If $\sigma \to \infty$ or $\theta \to 0$,

$$M\left(D\right)\stackrel{d}{\to }\mathrm{Uniform}[0,1].$$

This property ensures that the CD does not suffer from probability dilution and maintain the confidence feature even if ${\sigma }^2\to \infty$. Theorem 1 identifies a necessary and sufficient condition for the existence of a point mass in CD, where $\theta \in \Theta$ is the parameter of continuous scalar statistic $D\in {\Omega }_D$ and the $1-\alpha$ quantile $q_{\alpha }\left(\theta \right)$ is a strictly increasing function of $\theta$ for any $\alpha \in (0,1)$. The proof is in Appendix A.

Theorem 1.

Let $\mathcal{\partial }{\Omega }_D$ and $\mathcal{\partial }\Theta$ denote the boundary of ${\Omega }_D$ and $\mathrm{\Theta }$, respectively.
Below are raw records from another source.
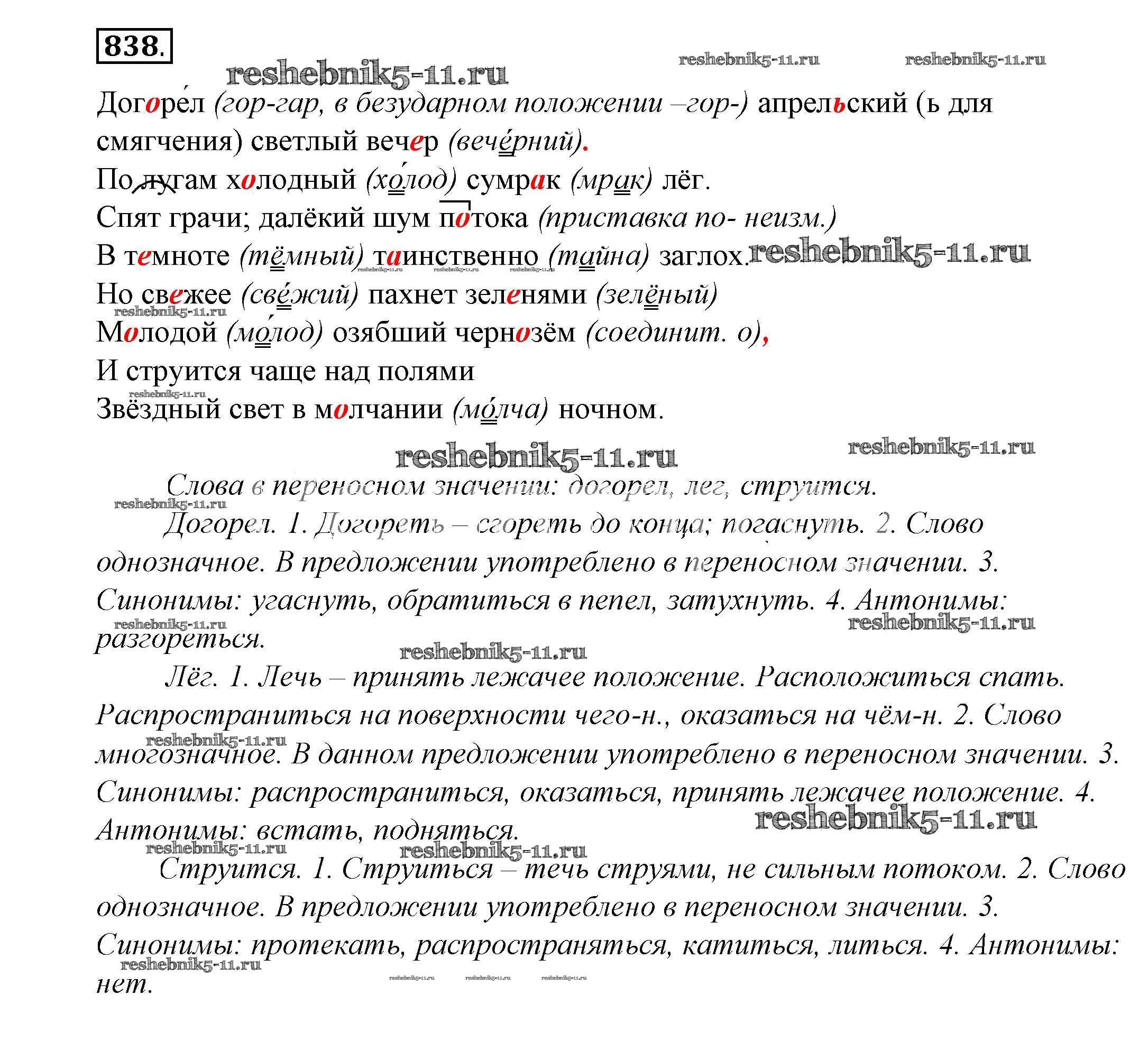 Готовая домашняя работа с ответами по Русскому языку за 5 класс Купалова, Еремеева, Лидман-Орлова Учебник Дрофа 2015 ФГОС - Упражнения 838
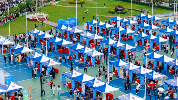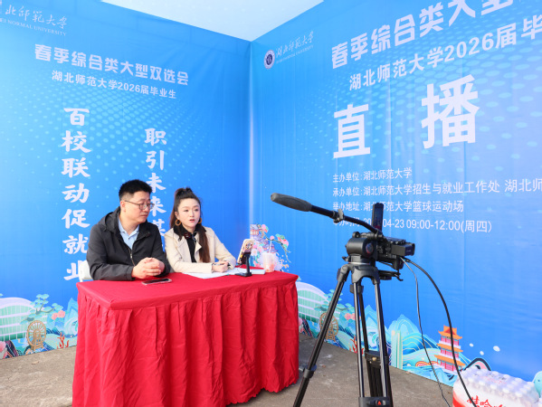 本网讯 为深入贯彻落实党中央、国务院“稳就业”“促就业”决策部署,切实为毕业生搭建求职就业桥梁,4月23日,湖北师范大学2026届毕业生春季综合类大型双选会在学校篮球运动场顺利举行。校党委书记李宏、校长雷儒金、校党委副书记余涛及黄石市台办、黄石港区人社局相关领导亲临现场指导,与用人单位和毕业生深入交流,详细了解招聘需求与求职进展。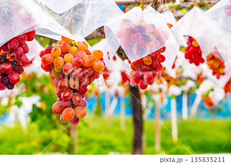 (山梨県)御坂町、食べ頃になった葡萄園のブドウ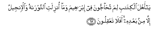65. Ye People of the Book! Why dispute ye about Abraham, when the Law and the Gospel Were not revealed Till after him? Have ye no understanding?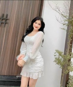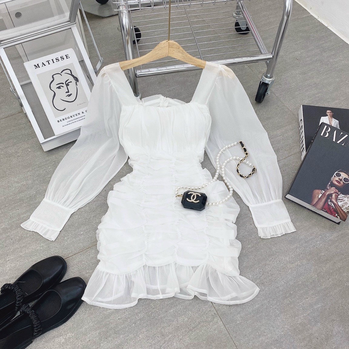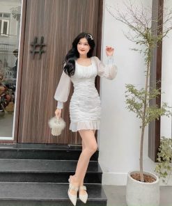 - Đầm được thiết kế nhún thân với lớp voan tại nên cảm giác nhẹ nhàng kết hợp với tone màu trắng giúp cho chiếc đầm trở nên sang trọng.
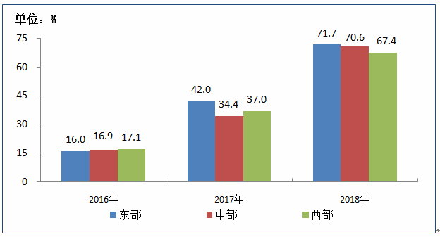 圖5-2 2016-2018年東、中、西部地區(qū)100Mbps及以上固定寬帶接入用戶滲透率情況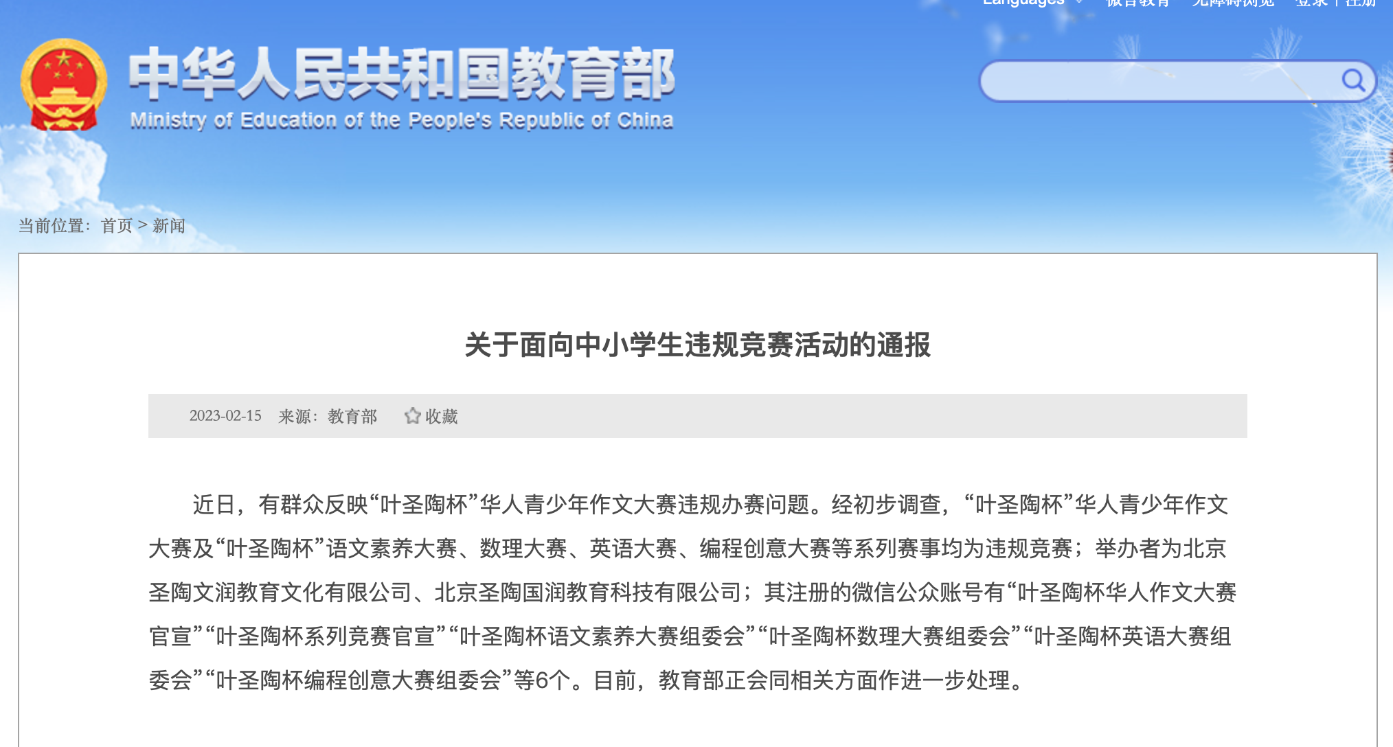 教育部通报:“叶圣陶杯”系列赛事均为违规竞赛

Then, $C(\theta ;d)$ has no point mass if and only if

$$q_{\alpha }\left(\theta \right)\to \mathcal{\partial }{\Omega }_D\mathrm{as}\theta \to \mathcal{\partial }\Theta ,\mathrm{for}\mathrm{any}\alpha \in (0,1).$$

(15)

Remark 1.

Pawitan et al. [32] considered a curved exponential model. Let $y=1$ be an observation from $Y\sim N(\theta ,{\theta }^2)$ for $\theta \ge 0$, then one may consider a confidence distribution,

$$C(\theta ;y)=P_{\theta }(Y\ge y)=1-\Phi \left({\displaystyle \frac{y-\theta }{\theta }}\right),$$

where $\Phi \left(·\right)$ denotes the cumulative function of $N(0,1)$. However, this leads to

$$\underset{\theta \to \infty }{lim}C(\theta ;y)=1-\Phi (-1)\approx 0.84<1.$$

Thus, $C(\theta ;y)$ cannot be a cumulative distribution function of θ. Here $C\left(\right\{0\};y=1)=0,$ i.e., there is no point mass at $\theta =0.$ Following Wilkinson [27], one may say that this CD has an unassigned probability $0.16=1-0.84$. This problem occurs because the quantile function $q_{\alpha }\left(\theta \right)$ is not increasing function of θ. Now let $d=\left|y\right|$ be an observation of $D=\left|Y\right|$ with ${\Omega }_D=\Theta$. Then the corresponding CD is defined as

$$C(\theta ;d)=P_{\theta }(D\ge d)=1-\Phi \left({\displaystyle \frac{d-\theta }{\theta }}\right)+\Phi \left({\displaystyle \frac{-d-\theta }{\theta }}\right),$$

which becomes a proper cumulative distribution function without a point mass

$$\underset{\theta \to 0}{lim}C(\theta ;d)=1-\Phi (\infty )+\Phi (-\infty )=0\mathrm{and}\underset{\theta \to \infty }{lim}C(\theta ;d)=1-\Phi (-1)+\Phi (-1)=1.$$

When there is no point mass, under appropriate conditions, Pawitan et al. [32] showed that

$$C(\theta \in CI\left(d\right))={\int }_{CI\left(d\right)}c(\theta ;d)d\theta =P_{\theta }(\theta \in CI\left(D\right)),$$

(16)

where the LHS is the epistemic confidence of the observed CI and the RHS is the aleatory coverage probability of the CI procedure. This paper shows that confidence feature holds even with a point mass. In this paper, we use the term confidence for the observed CI, whereas the coverage probability (confidence level) for the CI procedure.

Remark 2.

In both Stein’s length problem and satellite conjunction analysis, lower bounds of ${\Omega }_D$ and $\mathrm{\Theta }$ are assumed to be zero, whereas $q_{\alpha }\left(0\right)\ne 0\in \mathcal{\partial }{\Omega }_D$. Thus, Theorem 1 implies that the corresponding CD has a point mass at zero.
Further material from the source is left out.